So, I have built some pretty cool stuff with the Power Platform, and I’ve built some things that I’ve come to regret. In the consulting world or at least in my head, there is nothing more embarrassing than creating a problem that could’ve been solved with some due diligence.
Explicit column selection
Have you ever encountered a situation where a Power Platform flow seemed to take longer than expected, leaving you a bit puzzled? I certainly have. One day, I found myself dealing with a flow that was running longer than anticipated, even though I was only retrieving five columns from a Dataverse table. It worked fine in my development environment, but as is often the case, things tend to go smoothly in a controlled development setting. Additionally, I wasn’t working with a large volume of records, so the performance issue was a bit surprising.
After some investigation, I decided to take a closer look at the flow. To my surprise, I realized that I hadn’t explicitly selected the columns during the data retrieval process.
Now, you might be wondering why explicit column selection matters in Power Platform flows. Well, a more practical question to ask is why retrieve and process data that you don’t actually need? Is it worth the convenience of working with larger-than-necessary data?
Explicit column selection plays a crucial role in optimizing the efficiency of your Power Platform flows. By specifying the exact columns you need, you can significantly reduce the data transfer and processing load, resulting in faster execution and better resource management. Let’s explore why this practice is important:
- Efficiency: Retrieving only the necessary columns reduces the amount of data that needs to be transferred, leading to quicker data retrieval and processing.
- Resource Conservation: Unnecessary data retrieval can strain system resources, potentially causing performance issues.

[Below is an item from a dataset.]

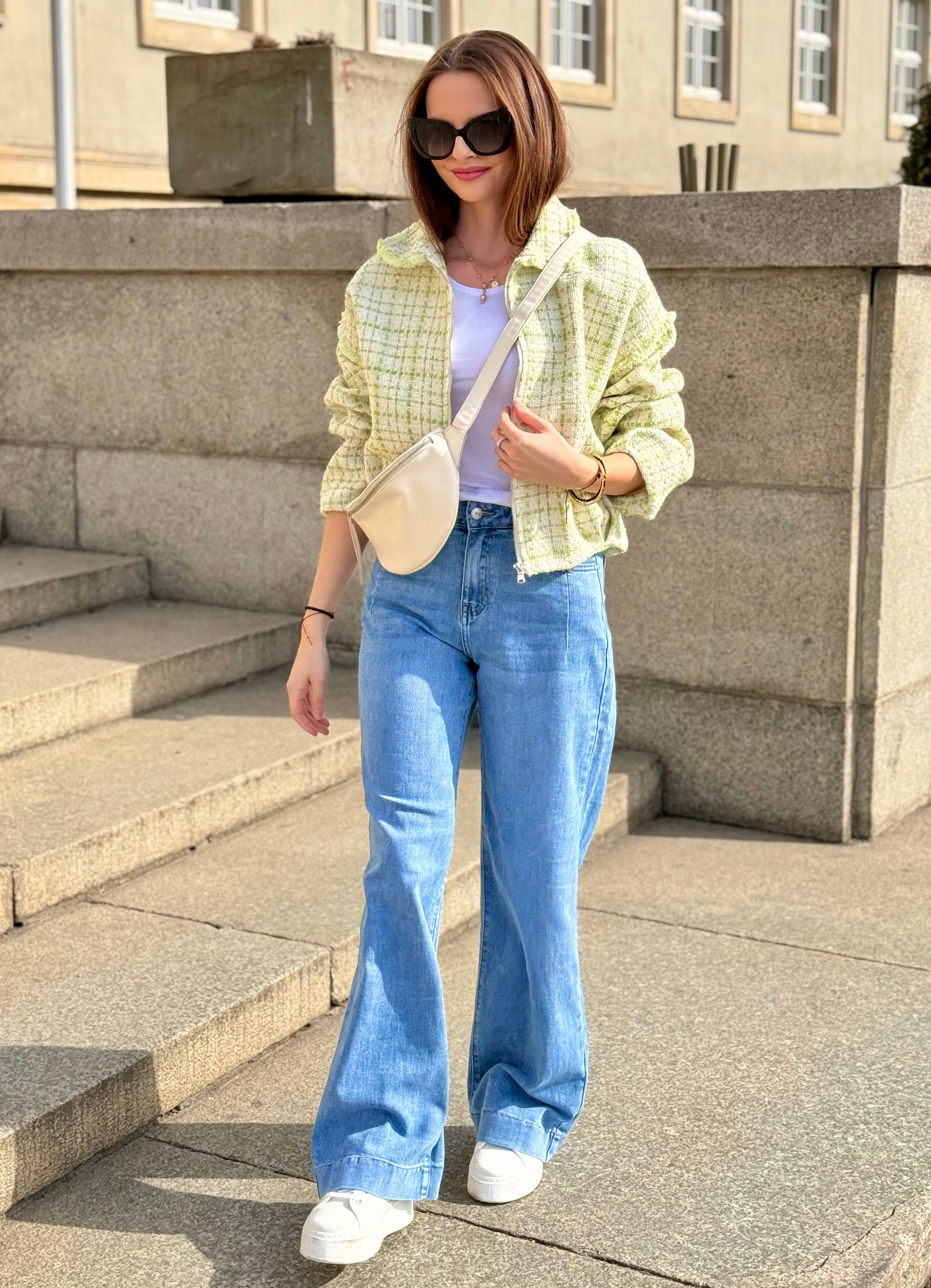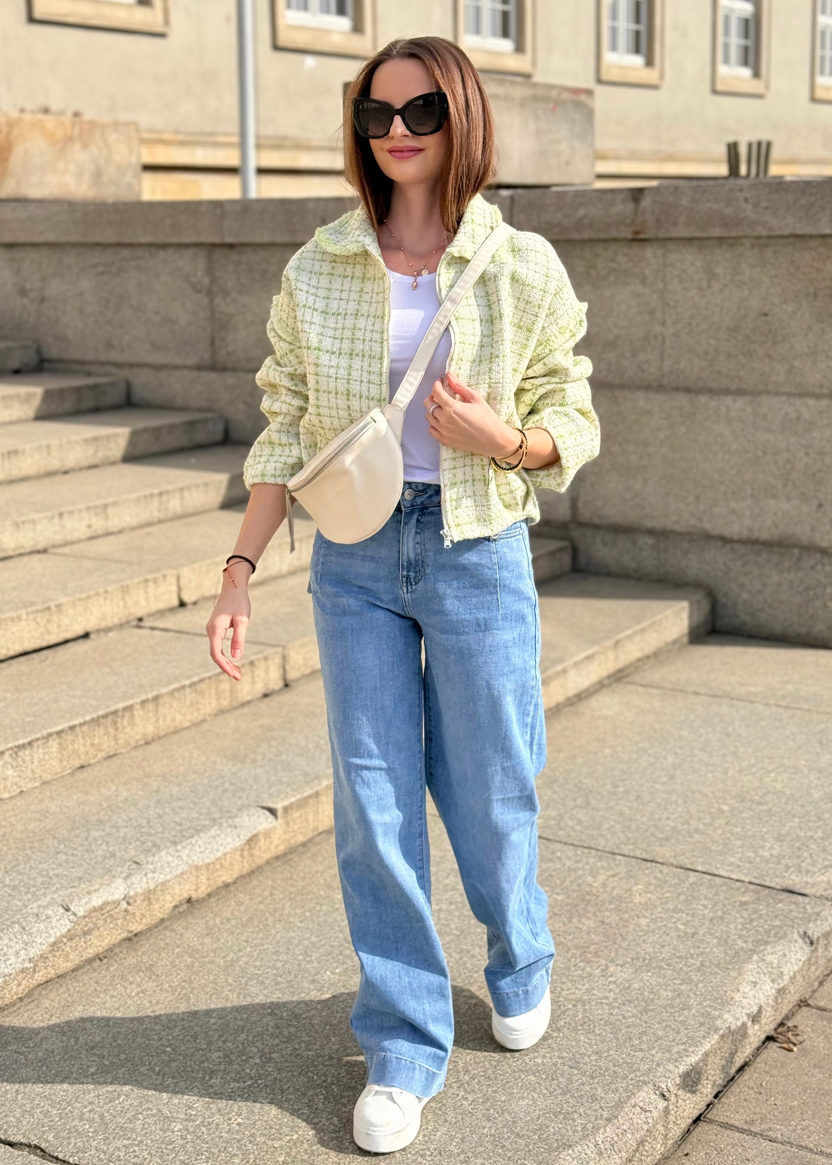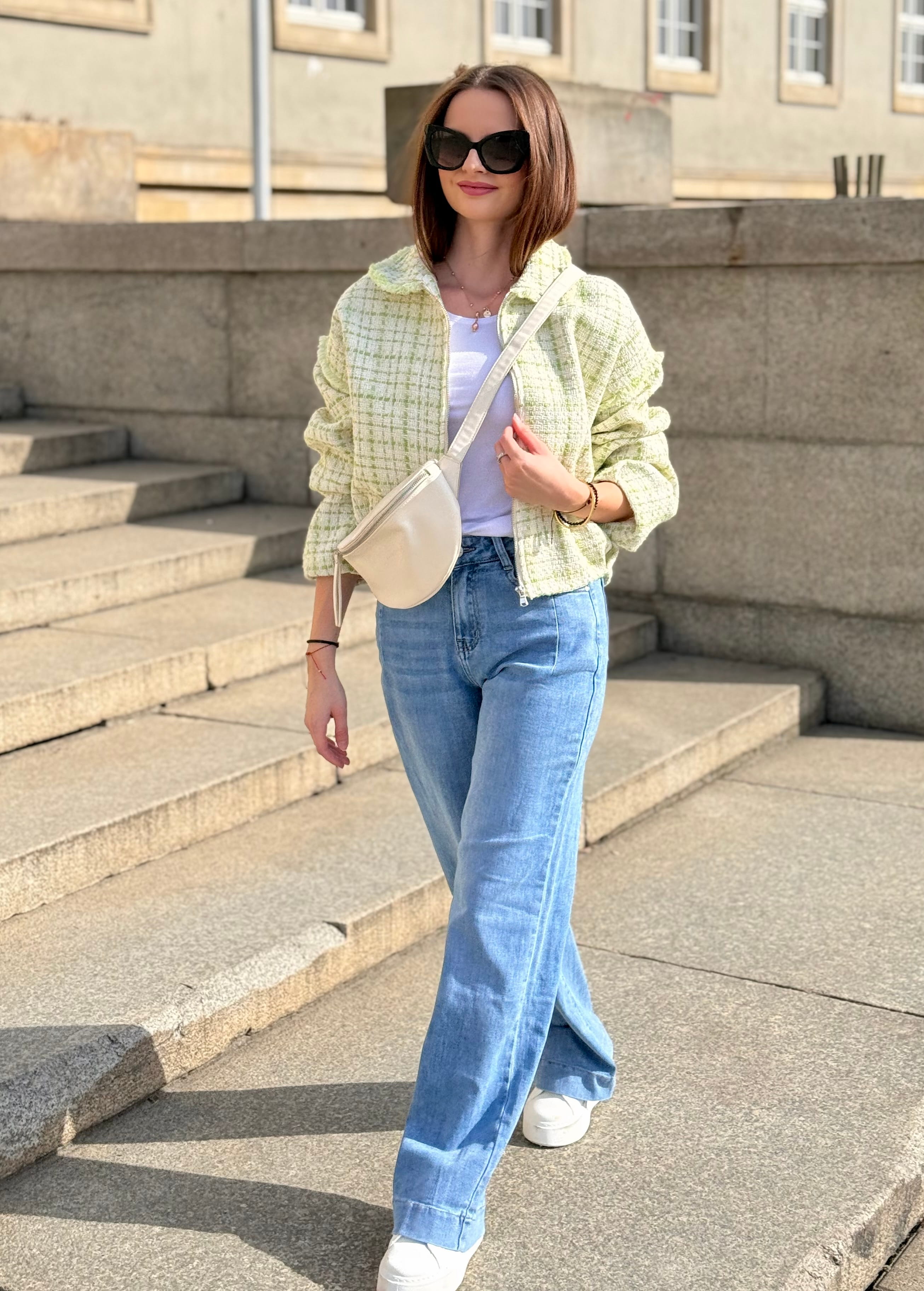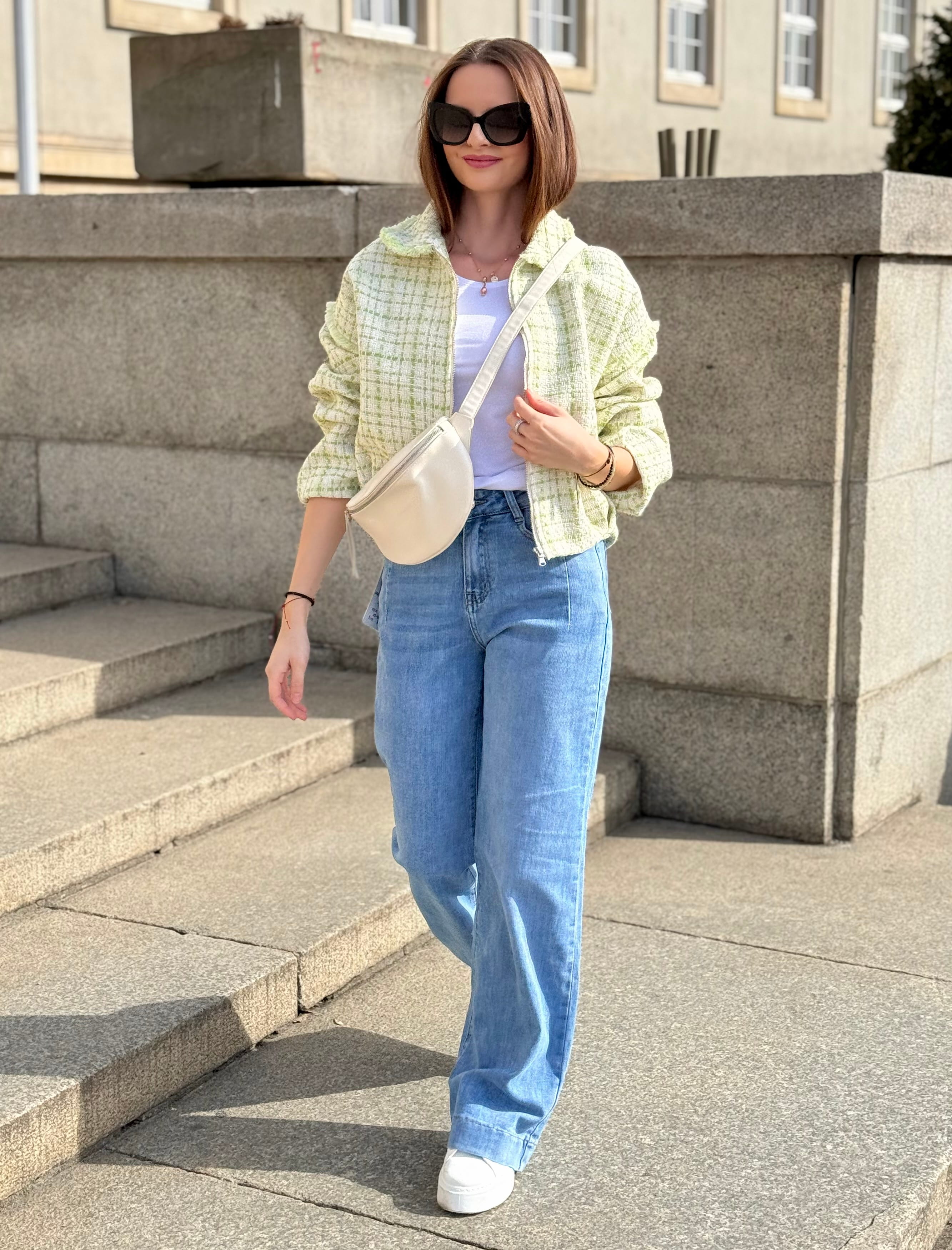 Kurtka Marinella a la bomberka szykowna, z zakładkami tweedowa biało-zielona, na zamek,

Selecting only the required columns helps conserve resources and ensures smoother flow execution.
- Clarity and Simplicity: Explicit column selection makes your flow more straightforward and easier to understand. It clearly communicates the purpose of your actions and contributes to a cleaner, more organized flow structure.
Filtering
Selecting only the necessary columns for your flow is undoubtedly important, but there’s something even more critical: filtering the data. We’ve matured in our approach, and there’s no reason to run a flow “wide-open,” retrieving every record from the database. Sure, we could do it, but that doesn’t mean we should. Whenever possible, applying filters is the key to ensuring that you retrieve the most relevant dataset or record for your specific needs.
Let’s pause and consider this: What exactly are you planning to do with all those rows once you’ve retrieved them? Are you prepared to create additional actions just to extract the record(s) you’re actually interested in?
I understand that you might be new to Power Automate, and it’s great that it can make things work effortlessly. However, let’s take a step further and aim to do it “right” from the very beginning.
Filtering data not only enhances the efficiency of your flow but also ensures that you work with the most pertinent information. Here’s why it’s crucial:
- Efficiency and Speed: Filtering data allows you to narrow down your dataset, reducing the processing time and making your flow run faster and smoother.
- Precision: Filters enable you to pinpoint the exact information you need, avoiding the hassle of extracting relevant records from a sea of data.
- Best Practices: Implementing data filtering is a best practice in Power Automate. It demonstrates a thoughtful and efficient approach to flow design.
Flow
Let’s create a flow. It doesn’t have to be fancy for this exercise; it will be quick.
We have a basic flow here with PowerApps (V2) as the trigger, followed by a Dataverse Action for listing all of the rows in a table.
The table that I am using is the Solutions table, which contains all of the metadata on solutions present in the current environment.
My goal is to only list ‘Unmanaged Solutions‘ and return only a select number of fields.

- Columns must be selected by their logical name.

2. Select queries with more than one column must be comma delimited.

3. Our filter will use odata comparison operators.

When you run your flow, your payload will include the columns and filter that you applied to it.

In summary, when retrieving data from any system, it’s best practice to retrieve only what you actually need.